On the other hand, it is also possible to provide a brush structure by providing a flocked portion, provide irregularities on saw teeth, or use a nozzle equipped with a cutting blade. The roots of plants that have invaded can be easily removed. As described above, the cleaning method of the present invention solves all the conventional problems in pipe cleaning and renews the common sense of piping maintenance.

[Brief description of drawings]

FIG. 1 is an explanatory view schematically showing the movement of a nozzle and the connection form of a hose in a cleaning method of the present invention.

FIG. 2 is an exploded explanatory view showing an embodiment of a pipe cleaning nozzle capable of realizing the cleaning method of the present invention.

3A and 3B are structural explanatory views showing an embodiment of a pipe cleaning nozzle capable of realizing the cleaning method of the present invention, in which (A) is a side sectional view, (B) is a front view, and (C) is a rear view.

FIG. 4 is an explanatory diagram showing a positional relationship between nozzles and pipes during cleaning.

FIG. 5 is a structural explanatory view showing an embodiment of a nozzle for cleaning a pipe capable of realizing the cleaning method of the present invention as a side section.

FIG. 6 is an explanatory diagram showing, as a front view, an embodiment of a pipe cleaning nozzle that can realize the cleaning method of the present invention.

FIG. 7 is an explanatory view showing, as a front view, an embodiment of a pipe cleaning nozzle that can realize the cleaning method of the present invention.

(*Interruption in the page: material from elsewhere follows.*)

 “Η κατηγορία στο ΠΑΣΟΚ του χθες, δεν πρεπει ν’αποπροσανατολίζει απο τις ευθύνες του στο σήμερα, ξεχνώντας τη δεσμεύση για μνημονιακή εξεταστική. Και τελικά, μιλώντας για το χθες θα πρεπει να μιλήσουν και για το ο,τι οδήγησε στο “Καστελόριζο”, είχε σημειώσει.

FIG. 8 is a structural explanatory view showing a case where a cutting blade is attached in an embodiment of a nozzle for cleaning a pipe capable of realizing the cleaning method of the present invention, (a) is a front view, and (b) is a side view.

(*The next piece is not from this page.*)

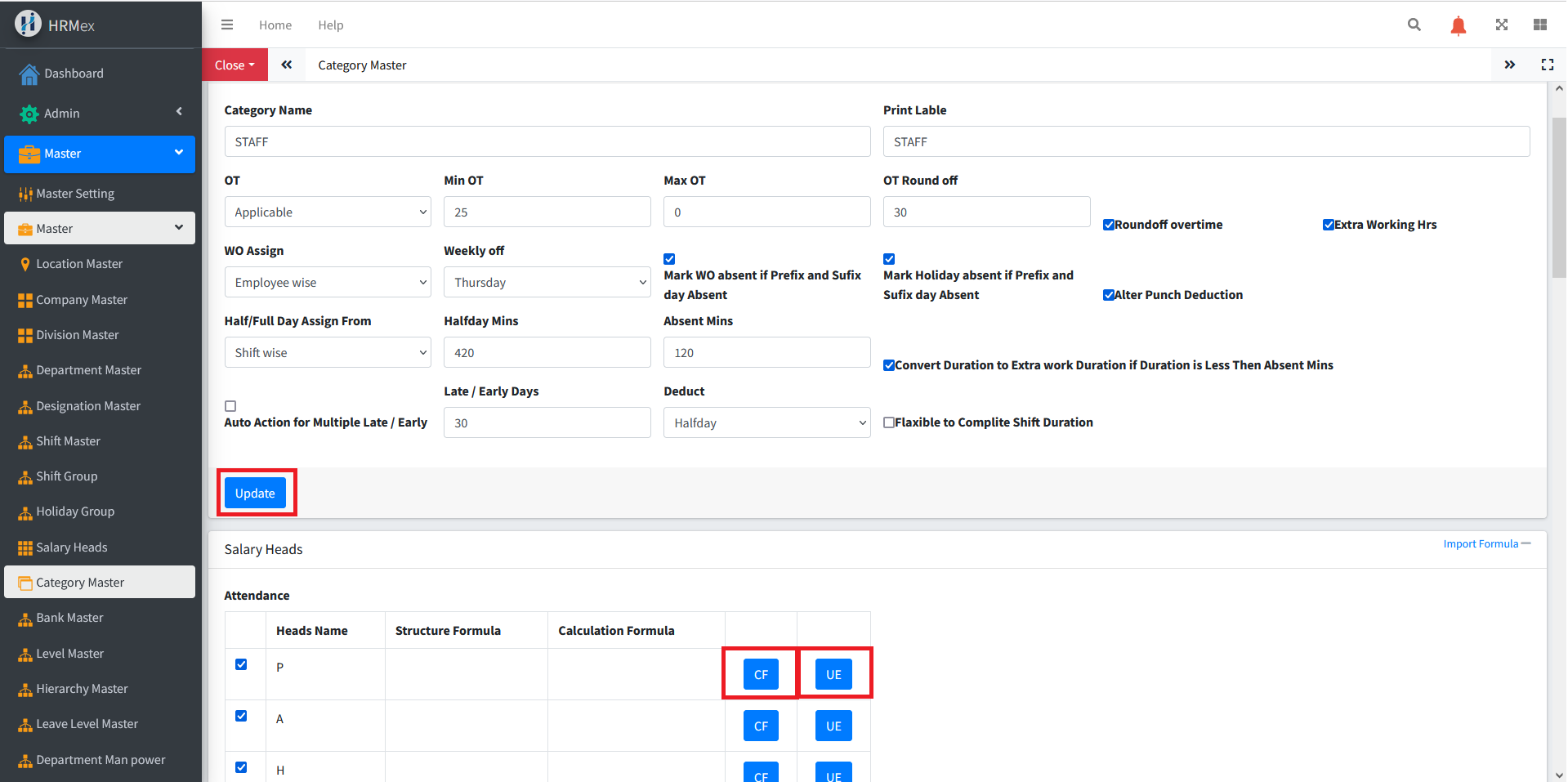 - Salary Head Formulas: Add new salary heads or update existing ones for the category. Use the "UE" button to add a new salary head, "CF" to set the formula, and "Check" to verify the syntax.

FIG. 9 is an explanatory view showing, as a front view, a case where a flocked portion is provided in an embodiment of a nozzle for cleaning a pipe capable of realizing the cleaning method of the present invention.

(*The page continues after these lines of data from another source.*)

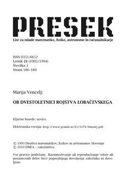 Vencelj, Marija (1993). Ob dvestoletnici rojstva Lobačevskega.
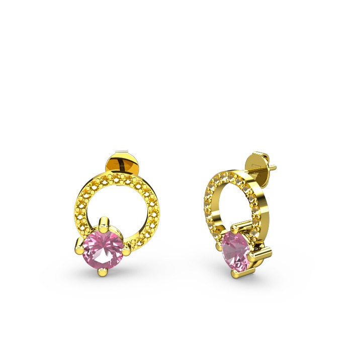 Pembe kuvars ve sitrin 925 ayar altın kaplama gümüş küpe
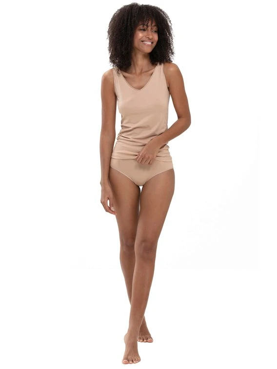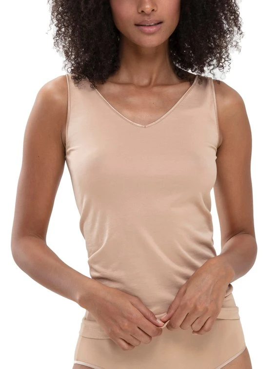 Das 2-in-1 Top der zeitlosen „Emotion“ Kollektion aus dem Hause MEY ist der perfekte Alltagsbegleiter! Das Unterhemd verfügt über einen V-Ausschnitt auf der einen und einen Rundhalsausschnitt auf der anderen Seite. So bietet das Tanktop flexible Trage- und Kombinationsmöglichkeiten. Das ärmellose Unterhemd besteht aus einem weichen, langlebigen und elastischen Viskose-Mix für ein natürliches Tragegefühl. Zudem verzichtet MEY bei der Produktion dieses Tops auf Seitennähte, um höchsten Komfort zu bieten.

FIG. 10 is a structural explanatory view showing an embodiment of a pipe cleaning nozzle capable of realizing the cleaning method of the present invention, in which (a) is a side sectional view and (b) is a front view.

FIG. 11 is an explanatory view showing another hose connection form in the cleaning method of the present invention.

[Explanation of symbols]

1 Hose 2, 40 Nozzle 3 Piping 4, 42 Tubular Body 5 Side Wall 6 Discharge Hole 7 Screw 8 Screw Hole 9 Straight Body 10 Rotating Body 11 Disc Metal Fitting 12 Spring Washer 13, 43 First Injection Port 14, 44 Second Injection port 15 Screw thread 16, 45 Fluid supply port 17 Annular groove 18, 41 Protrusions 20, 21 Directional arrow 30 First annular aperture 31 Second annular aperture 32 Serrated irregularity 33 Cutting blade 34 Corner protrusion 35 Synthetic Fiber 46 First Hose 47 Second Hose 48 Joint

Claims (3)

[Claims] 1. A method for cleaning an inner wall of a pipe using a nozzle for cleaning the pipe, wherein the nozzle for cleaning the pipe is brought into contact with the inner wall of the pipe by the jetting force of fluid from the nozzle for cleaning the pipe, A method for cleaning an inner wall of a pipe, characterized by swirling. 2. A method for cleaning an inner wall of a pipe according to claim 1, wherein a liquid is used as the fluid according to claim 1. 3. The method for cleaning an inner wall of a pipe according to claim 1, wherein a gas is used as the fluid according to claim 1.